My training data is generated by the the following code snippet:
import numpy as np
import pandas as pd
def simulation_data(n: int):
res = list()
dT = np.arange(-40, 51, 5)
a = 1
sigma_a = 1
b = 2
sigma_b = 1
c = 0.5
sigma_c = 1
for idx in range(n):
alpha0_offset = np.random.normal(0, 1)
a0 = a + alpha0_offset * sigma_a
alpha1_offset = np.random.normal(0, 1)
a1 = b + alpha1_offset * sigma_b
alpha2_offset = np.random.normal(0, 1)
a2 = c + alpha2_offset * sigma_c
y_true = a0 + a1 * dT + a2 * dT**2
sigma = np.random.exponential(1)
y = np.random.normal(y_true, sigma)
res.append(pd.DataFrame({'idx' : idx, 'dT' : dT, 'y' : y}))
return pd.concat(res)
My model uses priors which are identical to the distributions above. Furthermore I use a non-centered version of the hierachical model to rule out divergences.

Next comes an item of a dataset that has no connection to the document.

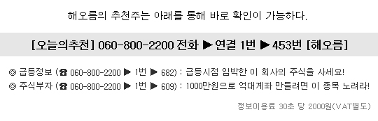 ▶ 관련기사 ◀ ☞또 터진다! 매수만 하면 수백% 날리는 극비세력주! ☞1000만원으로 억대 계좌 만들려면 이 종목을 노려라! ☞이 종목 지금 매수하면, 억대계좌 무조건 터진다!
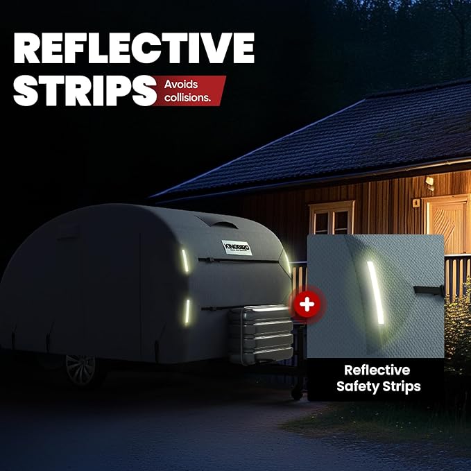 KING BIRD Heavy Duty Teardrop Travel Trailer Cover Fits 10'-12' Trailers, 5 Layers Top Waterproof Camper Cover with Windproof Strap for R-Pod Trailers, Clamshell Trailers

def model_non_centered(idx, dT, y=None):
a = numpyro.sample("a", dist.Normal(1, 0.1))
sigma_a = numpyro.sample("sigma_a", dist.Exponential(1))
b = numpyro.sample("b", dist.Normal(2., 0.1))
sigma_b = numpyro.sample("sigma_b", dist.Exponential(1))
c = numpyro.sample("c", dist.Normal(0.5, 0.1))
sigma_c = numpyro.sample("sigma_c", dist.Exponential(1))
NUM_PARTS = len(np.unique(idx))
with numpyro.plate("usnrs", NUM_PARTS):
alpha0_offset = numpyro.sample("alpha0_offset", dist.Normal(0., 1.))
alpha0 = numpyro.deterministic("alpha0", a + alpha0_offset * sigma_a)
alpha1_offset = numpyro.sample("alpha1_offset", dist.Normal(0., 1.))
alpha1 = numpyro.deterministic("alpha1", b + alpha1_offset * sigma_b)
alpha2_offset = numpyro.sample("alpha2_offset", dist.Normal(0., 1.))
alpha2 = numpyro.deterministic("alpha2", c + alpha2_offset * sigma_c)
mu = numpyro.deterministic("mu", alpha0[idx] + alpha1[idx] * dT + alpha2[idx] * dT**2)
eps = numpyro.sample("eps", dist.Exponential(1))
with numpyro.plate("data", len(idx)):
numpyro.sample("obs", dist.Normal(mu, eps), obs=y)
Unfortunately the model does seem to converge.
simulation = simulation_data(200)
rng_key = random.PRNGKey(1)
nuts_kernel = NUTS(model_non_centered)
non_centered_mcmc = MCMC(nuts_kernel,
num_samples=5000,
num_warmup=1000,
num_chains=2)
non_centered_mcmc.run(rng_key,
simulation.idx.values,
simulation.dT.values,
simulation.y.values)
The effective sample size of e.g. b, c, sigma_b and sigma_c is very small and MCMC does not seem to explore the parameter space appropriately.
I am new to Bayesian modeling and numpyro and I am struggling to solve this issue. Can somebody please point me into the right direction?